In theory, enough quantitative easing implies future inflation, motivating people to buy big-ticket items, like cars and appliances, now to avoid the run-up in prices later. (In practice, it is an experiment.) High and rising inflation creates great costs and is difficult to reverse. After mitigating the downturn, central bankers must withdraw the immense infusion of liquidity before inflation takes off, a tricky maneuver.
The bottom line though is that better policies can at best mitigate the economic consequences of this horrible recession. We will not get out of this mess completely any time soon. Sometimes, strong recoveries follow recessions, but recovery following financial crises is always immensely painful, time-consuming and traumatic.
The economists Ken Rogoff and Carmen Reinhart have argued that the major financial crises of the last century typically lasted a half-decade or longer. In many of the previous banking crises, it was a country or a region that was hit hard (Argentina, Japan, etc). This time, virtually every economy is suffering substantially and the banking crisis is global. Policymakers will continue to throw whatever ammunition they can find at the problem, but it will take time for the deleveraging from the boom to run its course.
At times of serious economic distress, policymakers thrash about seeking solutions and some people lose confidence in the economic system itself. Indeed, in the Great Depression of the 1930s, it was common for Western intellectuals to turn to communism and central planning as a hoped-for panacea. Some never returned from that intellectual journey, despite the collapse of communism.
There is, of course, no case for going back to socialism and central planning. Once off government lifelines, we will need a better-regulated financial system. Any financial institution that is too big or too interconnected to fail, or could quickly become so, must be closely regulated and monitored for risk and capital adequacy in real time, or be broken up into smaller firms.
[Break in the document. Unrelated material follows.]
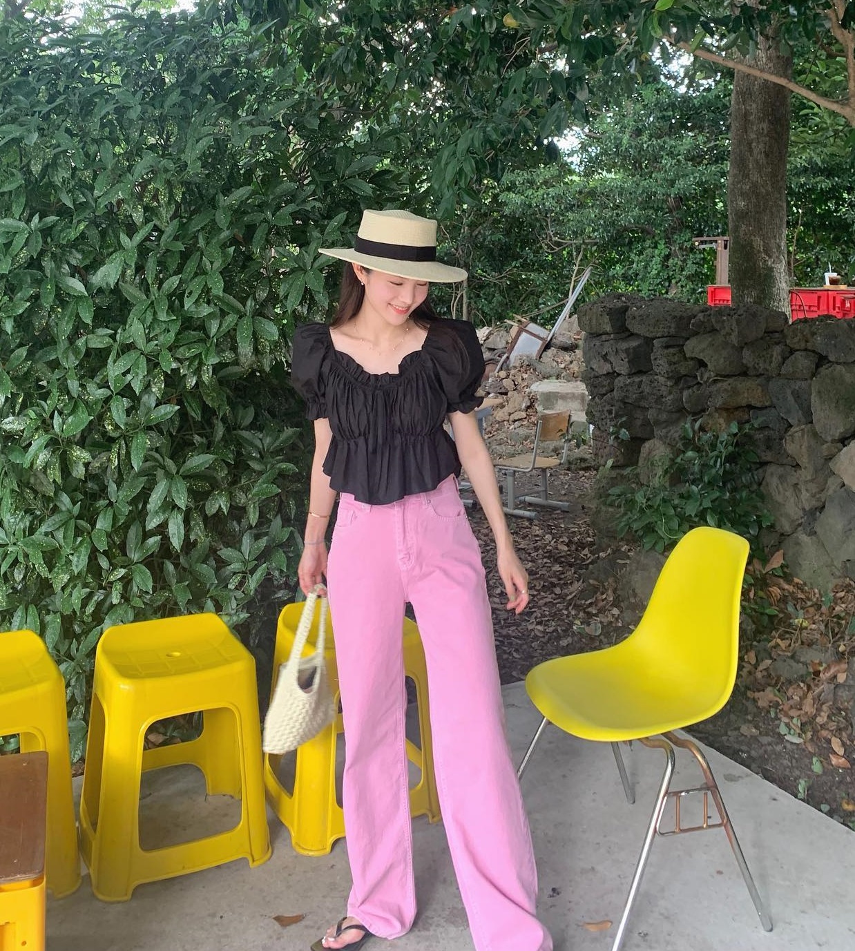 Làm thế nào để trông trẻ trung khi diện áo blouse tối màu? Câu trả lời là bạn hãy kết hợp cùng một chiếc quần mang tông màu hồng pastel. Cách mix đồ này khá độc đáo, giúp style đi du lịch của bạn có sự mới mẻ, đột phá.

In the meantime, let’s hope that Fed Chairman Ben Bernanke, Bank of England Governor Mervyn King, European Central Bank President Jean-Claude Trichet and the world’s other central bank governors get monetary policy roughly right and that our politicians don’t waste vast sums on ineffective fiscal stimulus.
Michael Boskin, a former chairman of the US president’s Council of Economic Advisers, is professor of economics at Stanford University and senior fellow at the Hoover Institution.